## PROBLEM REQUIREMENTS
Please reproduce all the records exactly while leaving out their pictures.

## RECORD EXTRACTS
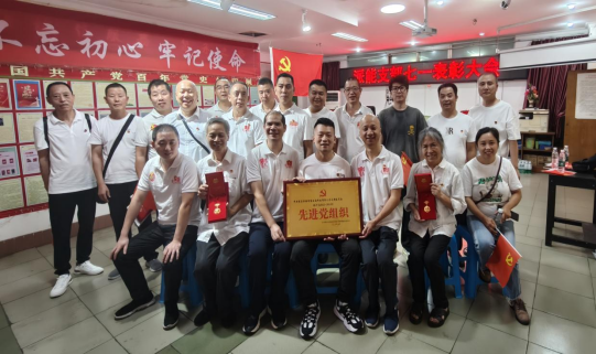 圖為派能黨支部全體黨員們?cè)谄咭槐碚么髸?huì)現(xiàn)場(chǎng)合影留念 |
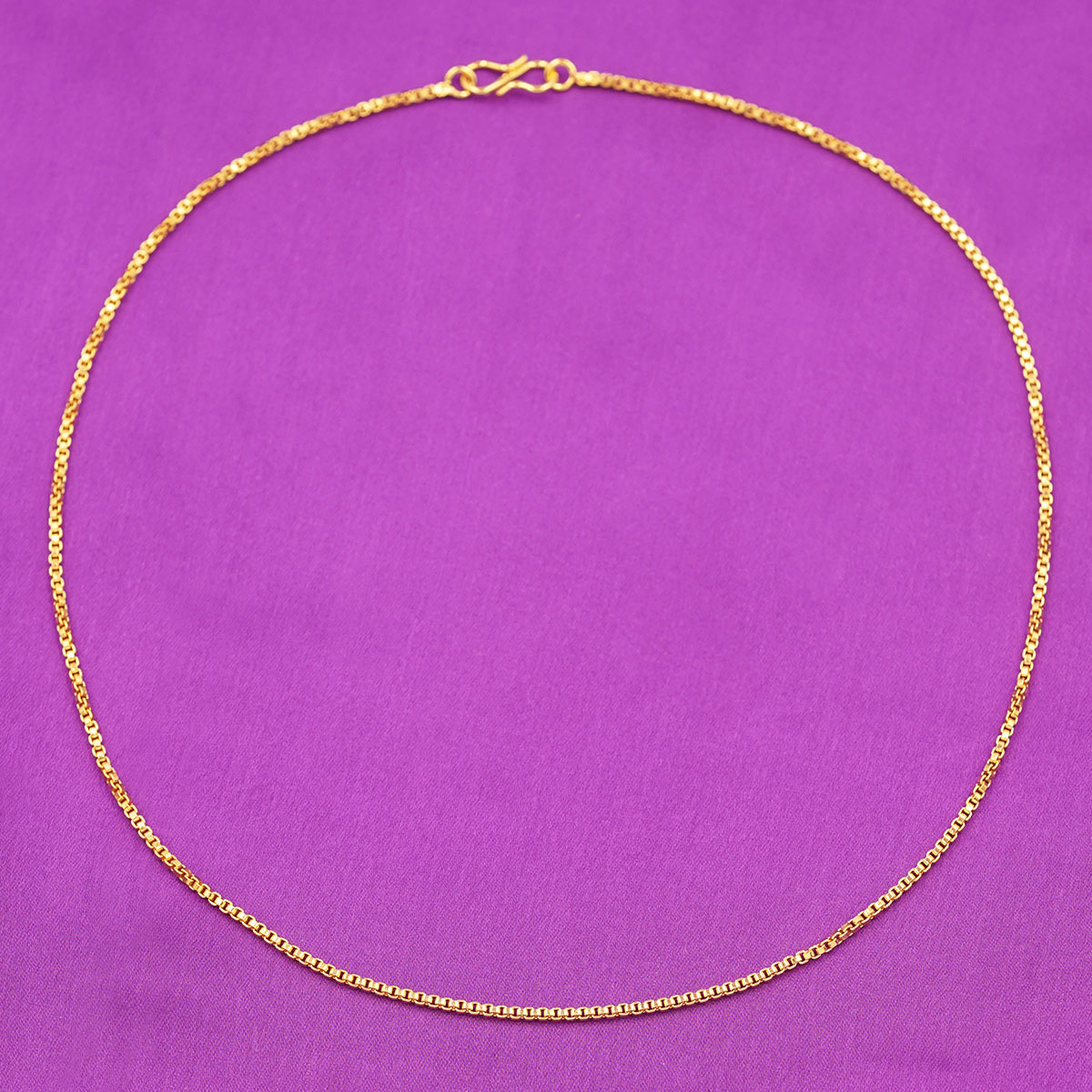 DESCRIPTION - THIS CLASSIC GOLD TONE PLANE CHAIN FEATURES A SLEEK, MINIMALIST DESIGN THAT COMPLEMENTS ANY OUTFIT. CRAFTED WITH A SMOOTH, LIGHTWEIGHT FINISH, IT DRAPES COMFORTABLY AROUND THE NECK AND ADDS A SUBTLE TOUCH OF ELEGANCE—PERFECT FOR EVERYDAY WEAR OR LAYERING WITH STATEMENT PIECES. ITS VERSATILE STYLE MAKES IT IDEAL FOR BOTH TRADITIONAL AND MODERN LOOKS, FROM CASUAL ATTIRE TO FESTIVE ENSEMBLES. SIMPLE, REFINED, AND ENDLESSLY WEARABLE.
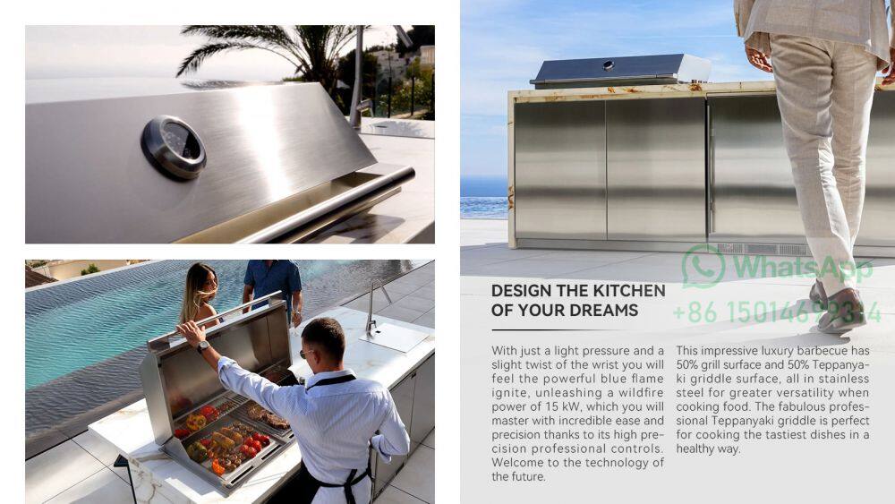 - Customized Luxury Outdoor Stainless Steel Kitchen Cabinets With Gas Stove and Bbq Grill
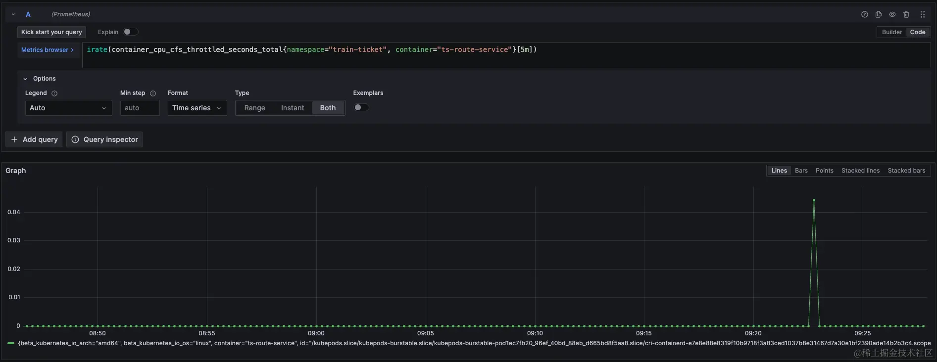 根据POD规格调整原则一,先去查看容器的CPU节流指标,发现其节流时间确实很大,说明POD的规格Limit设置过小了。
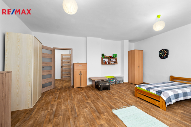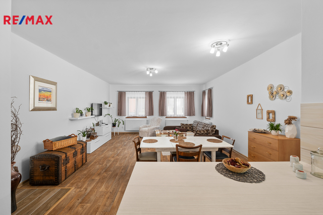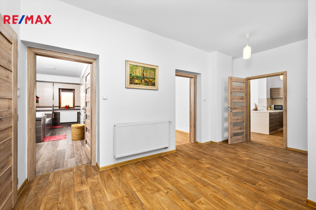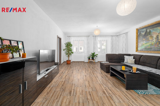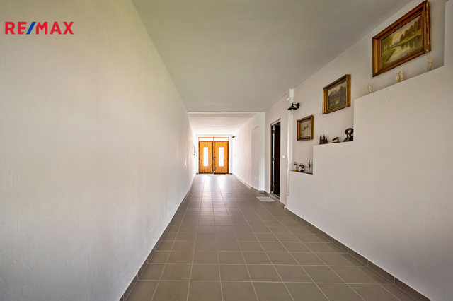 Z průjezdu domu (spojujícího zahradu s hlavním vjezdem do objektu a na pozemek), který může sloužit i jako garáž pro několik automobilů, je vstup do chodby a dále do obou samostatných bytových jednotek. V přízemí se nachází byt s dispozicí 2+1, v 1. patře je byt 3+kk. Prostorná půda nabízí možnost pro vybudování dalšího bytu (vše stavebně technicky připraveno, včetně rozvodů).

## SOLUTION TO THIS TASK
 圖為派能黨支部全體黨員們?cè)谄咭槐碚么髸?huì)現(xiàn)場(chǎng)合影留念 |
 DESCRIPTION - THIS CLASSIC GOLD TONE PLANE CHAIN FEATURES A SLEEK, MINIMALIST DESIGN THAT COMPLEMENTS ANY OUTFIT. CRAFTED WITH A SMOOTH, LIGHTWEIGHT FINISH, IT DRAPES COMFORTABLY AROUND THE NECK AND ADDS A SUBTLE TOUCH OF ELEGANCE—PERFECT FOR EVERYDAY WEAR OR LAYERING WITH STATEMENT PIECES. ITS VERSATILE STYLE MAKES IT IDEAL FOR BOTH TRADITIONAL AND MODERN LOOKS, FROM CASUAL ATTIRE TO FESTIVE ENSEMBLES. SIMPLE, REFINED, AND ENDLESSLY WEARABLE.
 - Customized Luxury Outdoor Stainless Steel Kitchen Cabinets With Gas Stove and Bbq Grill
 根据POD规格调整原则一,先去查看容器的CPU节流指标,发现其节流时间确实很大,说明POD的规格Limit设置过小了。
 Z průjezdu domu (spojujícího zahradu s hlavním vjezdem do objektu a na pozemek), který může sloužit i jako garáž pro několik automobilů, je vstup do chodby a dále do obou samostatných bytových jednotek. V přízemí se nachází byt s dispozicí 2+1, v 1. patře je byt 3+kk. Prostorná půda nabízí možnost pro vybudování dalšího bytu (vše stavebně technicky připraveno, včetně rozvodů).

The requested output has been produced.